The 30-year-old right-hander spun together yet another gem against the imposing Los Angeles Dodgers, posting six innings of two-run ball while allowing just four hits and striking out six. The performance paced a rare 7-2 Mets victory — just their second in 10 games and their sixth of August.
Stroman’s 13th quality start (at least six innings pitched with three earned runs or fewer allowed) of the season has his 2021 ERA at 2.85 over 145.1 innings, which is a career-best and ranks eighth in Major League Baseball.
“He’s been outstanding,” Mets manager Luis Rojas said. “He’s leading the teams in wins and he has all those innings.

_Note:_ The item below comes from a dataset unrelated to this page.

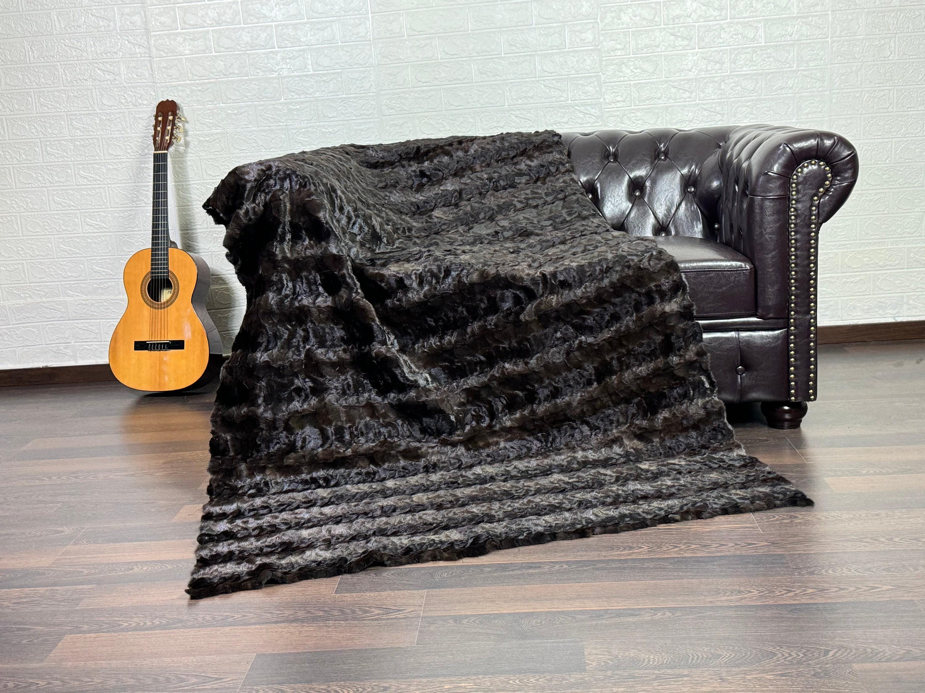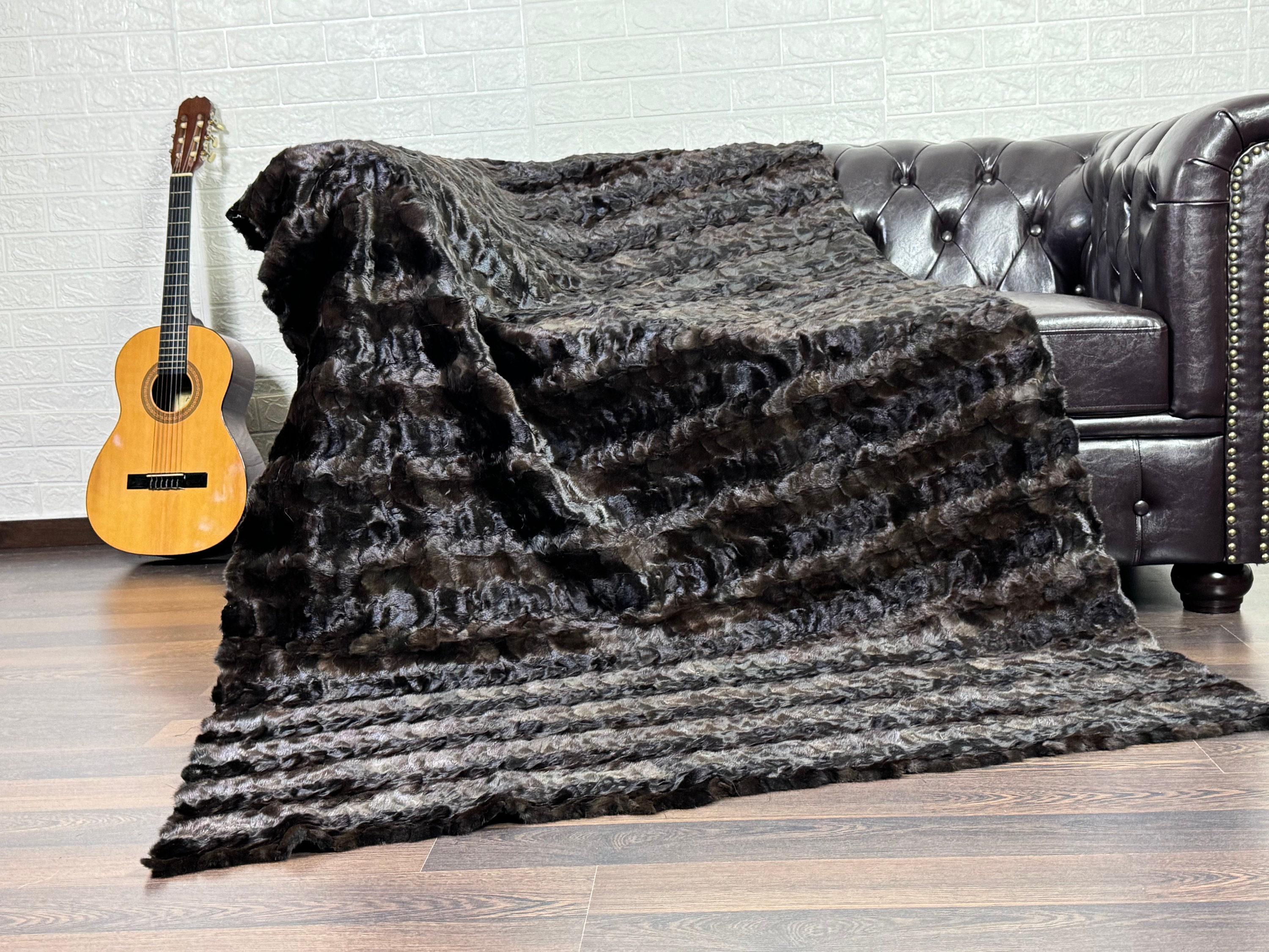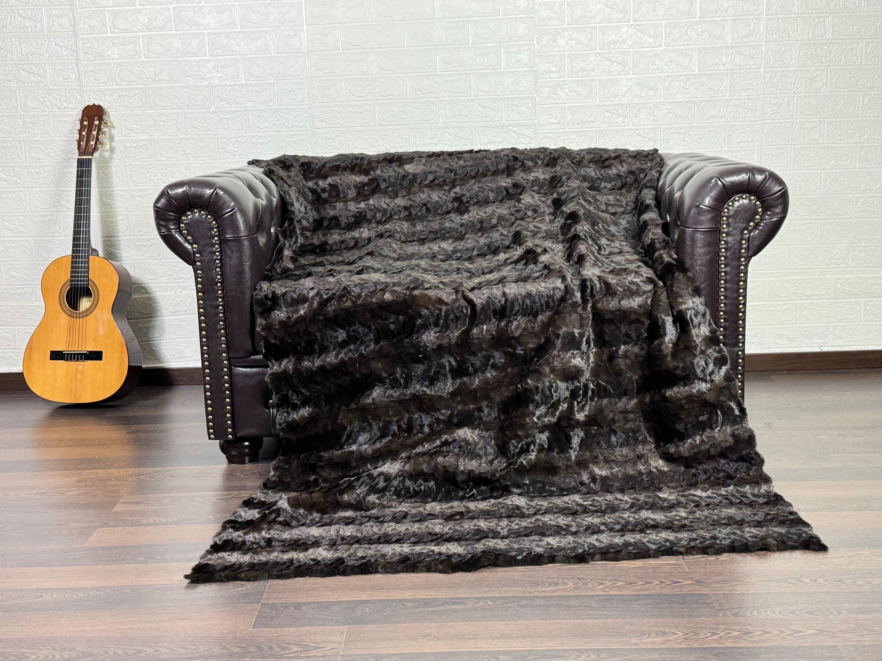 Handmade Mink Fur Throw Blanket Brown that can be used as a throw as well. Perfect for Bedspread or Sofa Cover.
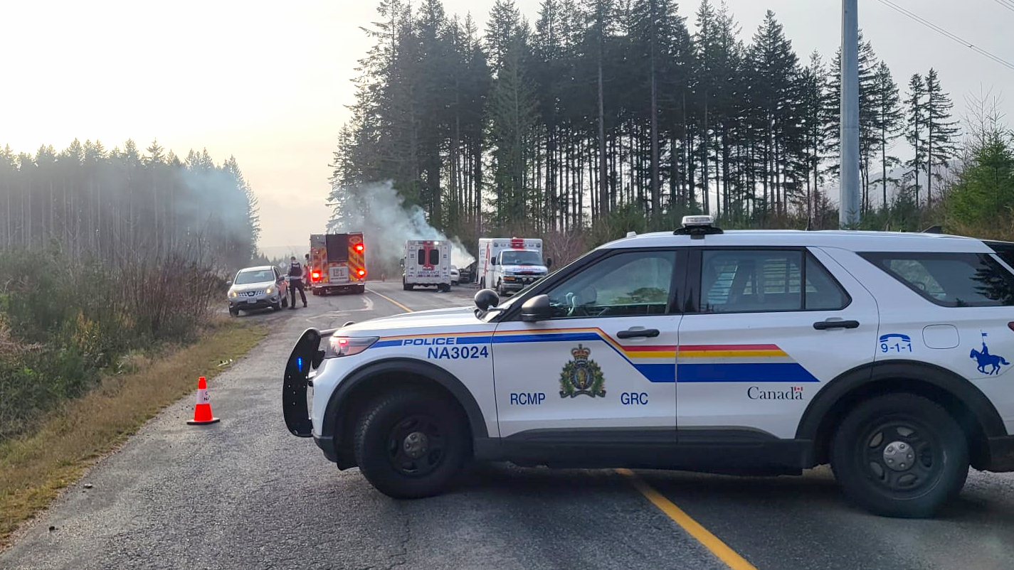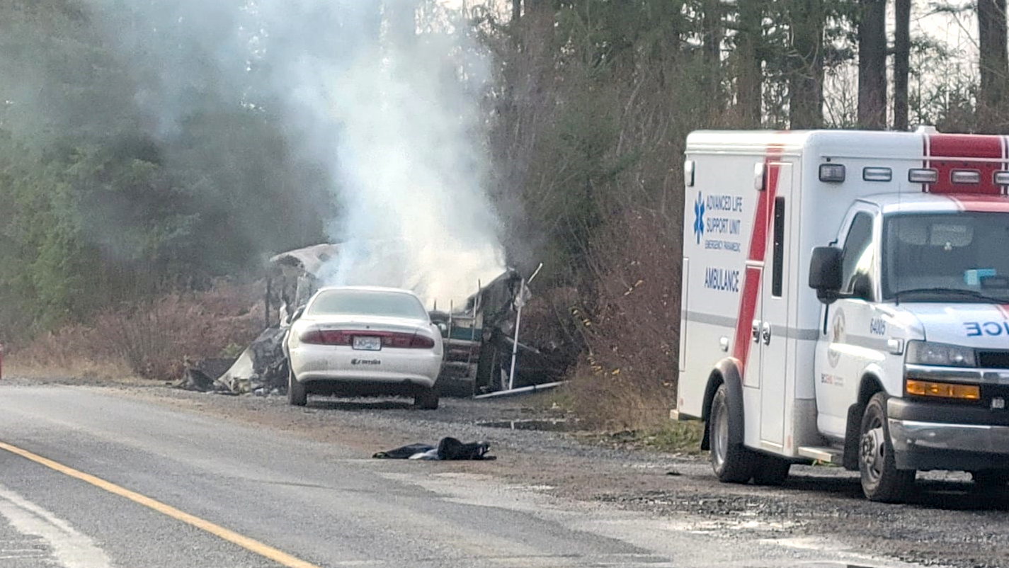 Emergency responders from Nanaimo Fire Rescue, BC Emergency Health Services and RCMP were called out to South Forks Rd., south of the intersection with Nanaimo Lakes Rd. around 9:30 a.m. on Tuesday, Dec. 9 after an RV, apparently parked on the side of the road, caught fire.

He hasn’t missed a start and he’s able to go out there and give us six. That’s huge, especially for the bullpen, which has been overused.”
It’s why his 9-12 record is a harsh one, but a pitfall of receiving little support from a team whose offense has failed to find its groove.
“He’s been outstanding for us. I don’t think we’ve hit enough behind the way he’s pitched,” Rojas added. “That’s why his ERA shows like that and he has a losing record. That’s not fair, but he’s pitched like an ace.
His ability to be a steady presence in an uncertain Mets rotation this year — headlined by the loss of deGrom in July and delayed rehabs of Carlos Carrasco and Noah Syndergaard — has not only been invaluable to the club, but it’s further reminding baseball that he can shoulder the responsibility of being a front-line starter.
The Long Island native leads the league with 26 starts — 23 of which he’s only yielded three runs or fewer — and is on pace to eclipse the 190-inning mark for the first time since 2017. He’s also projected to strike out a career-best 169 batters while being another glue guy in a tight-knit clubhouse.
“His energy is contagious all the time,” Rojas said. “He’s been very valuable and he’s one of the guys who has kept us afloat.”
Stroman has built the reputation of being a tireless student of the game, finely honing his craft through a litany of avenues that don’t always solely revolve around baseball.
“Just mix,” Stroman said of his work ethic. “Just being really aggressive and putting a huge emphasis on my five-day [break] in between [starts], doing everything I can to clear my mind and my body, and just going out there and competing.”
There is no magic formula for success, but he certainly has found the right repertoire; and at a perfect time, too. Stroman will be one of the most sought-after starting-pitching free agents on the market this winter when his contract expires.